- [Exercise materials]
►

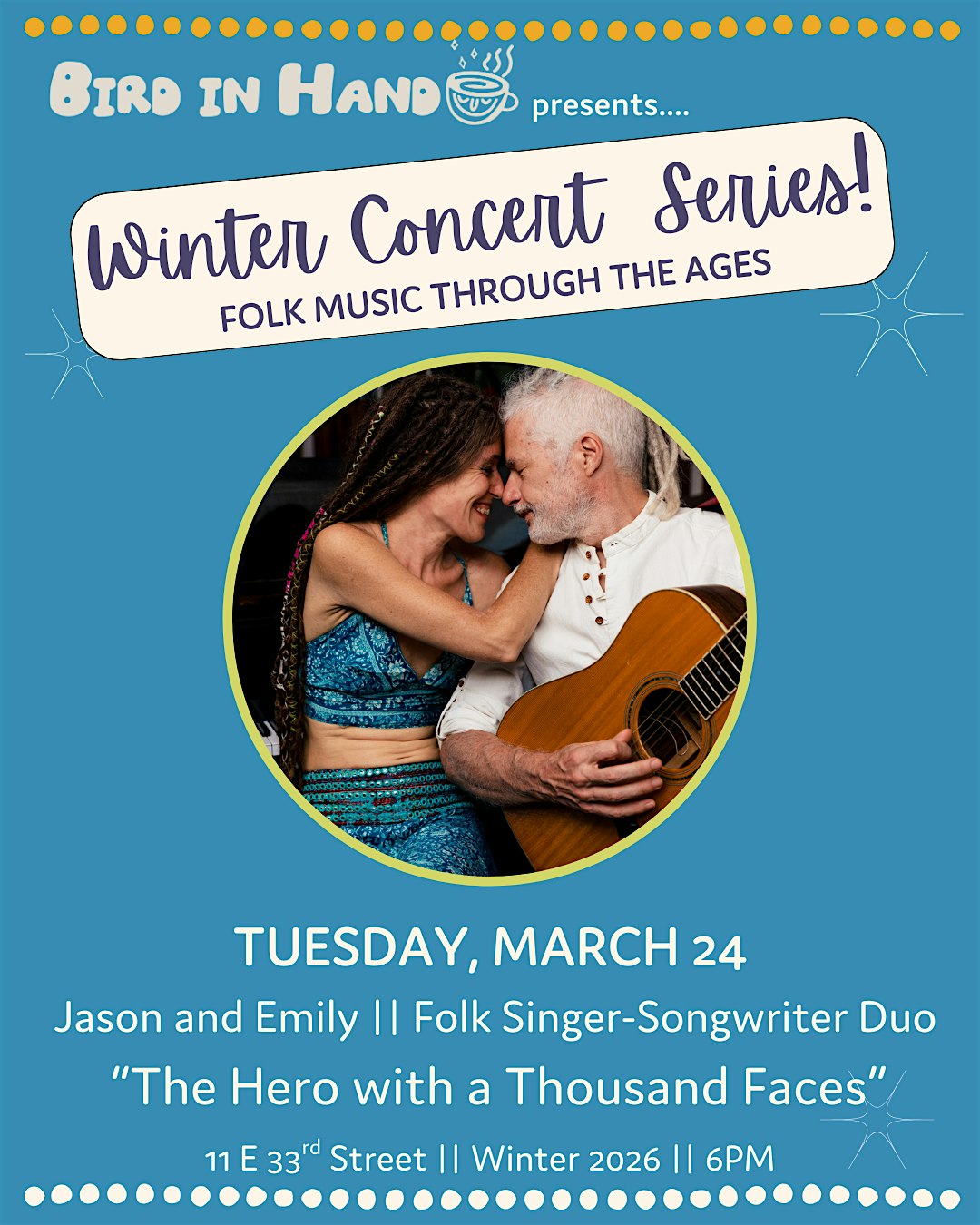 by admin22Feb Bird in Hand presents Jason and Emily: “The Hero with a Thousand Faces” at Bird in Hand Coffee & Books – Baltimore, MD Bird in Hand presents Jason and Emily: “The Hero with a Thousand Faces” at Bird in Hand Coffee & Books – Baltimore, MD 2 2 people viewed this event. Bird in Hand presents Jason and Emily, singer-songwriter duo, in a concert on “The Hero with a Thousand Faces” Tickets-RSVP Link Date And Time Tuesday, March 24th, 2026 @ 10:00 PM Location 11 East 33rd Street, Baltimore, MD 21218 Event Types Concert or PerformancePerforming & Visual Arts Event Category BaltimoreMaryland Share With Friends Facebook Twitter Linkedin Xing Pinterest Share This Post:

◄
►

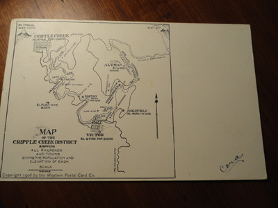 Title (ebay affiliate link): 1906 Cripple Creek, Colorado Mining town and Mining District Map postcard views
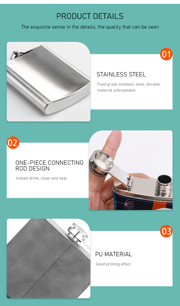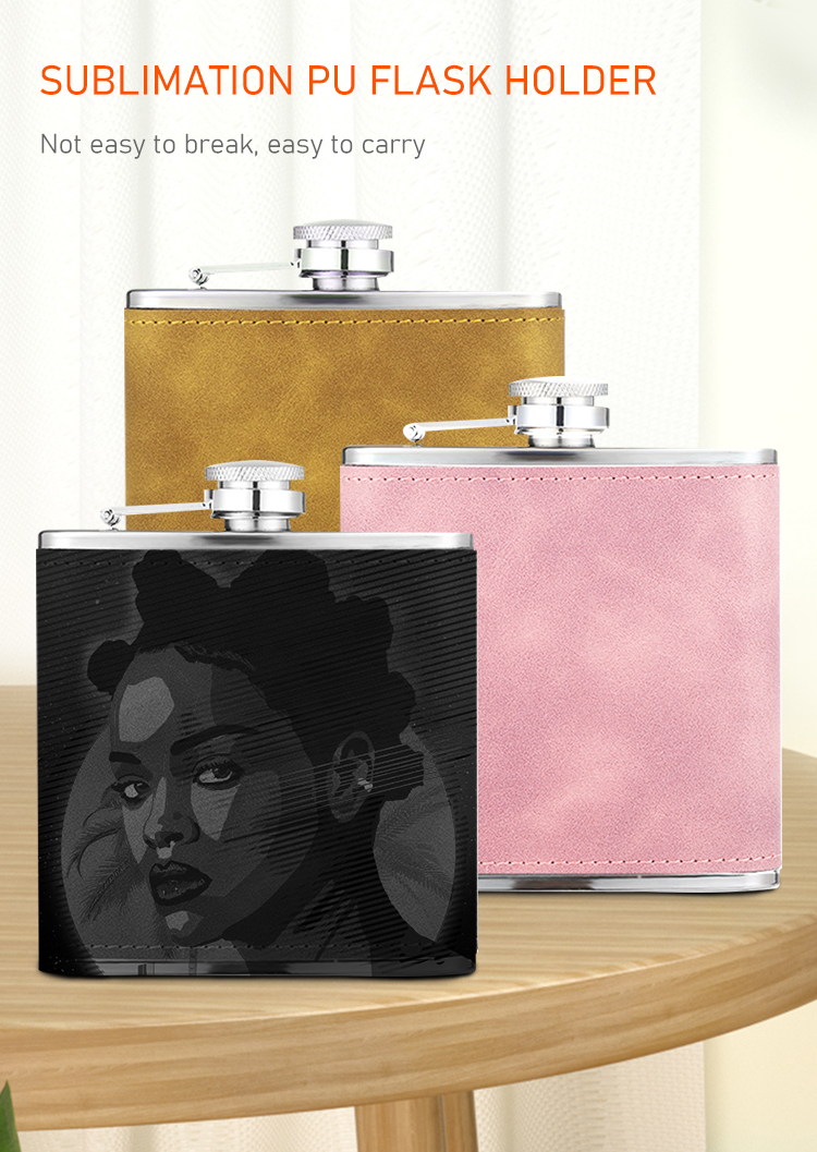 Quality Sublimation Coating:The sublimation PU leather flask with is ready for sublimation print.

◄

- [What is needed] Your answer should consist of the lines above between those holding "Title (ebay affiliate" and "Quality Sublimation Coating:The", inclusive, reproduced word for word and without pictures.

- [Response to this task]
 Title (ebay affiliate link): 1906 Cripple Creek, Colorado Mining town and Mining District Map postcard views
 Quality Sublimation Coating:The sublimation PU leather flask with is ready for sublimation print.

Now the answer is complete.